What is the meaning of this act? The neck connects the body to the mind. The mind is the seat of the neshamah. The man who was found slain in the field was a result of an act of violence and sudden death in which his neshamah had not been released from his body. By taking the heifer (egla) and by breaking and severing the neck of the egla allows the release and separation of the neshamah from the nephesh-the bodily soul so that it can return to Heaven from whence it came. Otherwise the neshamah would to continue to circulate the area where the body died in a form often termed as a ghost or poltergeist. Similarly the nephesh returns from whence it came (for dust you are, and to dust shall you return (Genesis 3:19)).

Why is the neck broken? The Hebrew word for neck is oref ערף= 70+200+80 = 350. 350 is half the value 700 which is the spiritual seventh day when Heaven and Earth are joined – i.e. the Shabbat Bride. By breaking the neck that link between heaven and Earth is severed and the neshamah is free to rise back to heaven.

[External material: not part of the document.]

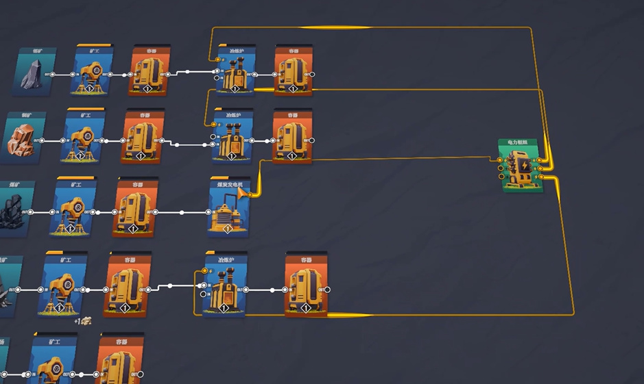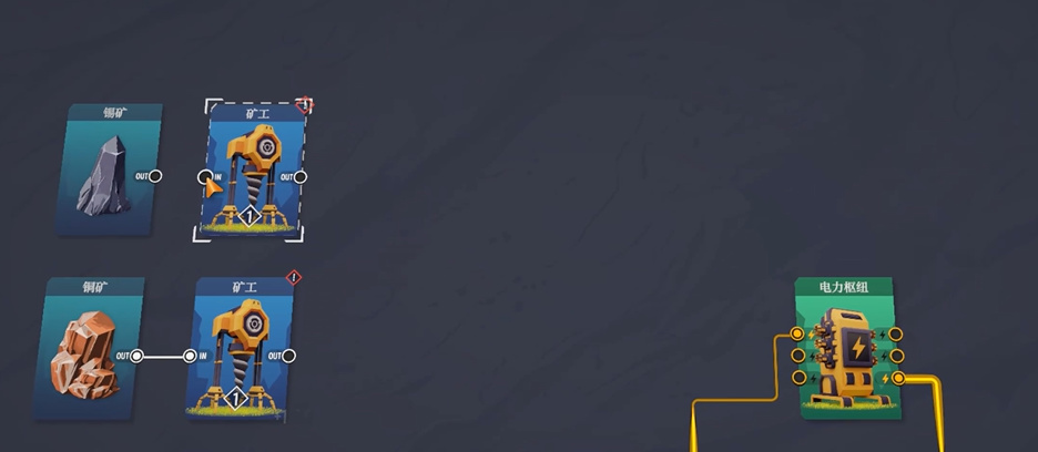 首先在这款游戏里面,各项资源其实玩家是可以直接获得的,毕竟是卡牌,所以游戏当中并没有那种资源数量的巨大限制,我们可以先从基础的电力开始发展,设置各种各样的枢纽进行连接。

It is for this reason the children of Israel are so often referred to 7 times in the Bible as ‘a stiffed necked nation’ עם ערף קשה meaning that their nefesh (bodily soul) is separated from their neshamah (heavenly soul) resulting in their rather wilful ways and disobedience towards God.

Lessons Learnt

So what do we learn from this parasha? The neshamah is the force that links man to God. This force is the breath (neshemah) of life which pervades through our body every second of our existence. Without it we are no more that a piece of clay moulded by the multiple forces applied to it. Man cannot live without the neshamah, neither can a nation live without a neshamah – as in the case of the tribes of Gad and Reuben. The neshamah linking man and God (Heaven) needs to be renewed on a daily basis, without it man will only be man in form but not mind. Upon death the neshamah returns to Heaven – from whence it came, and the nephesh return to the Earth from whence it came.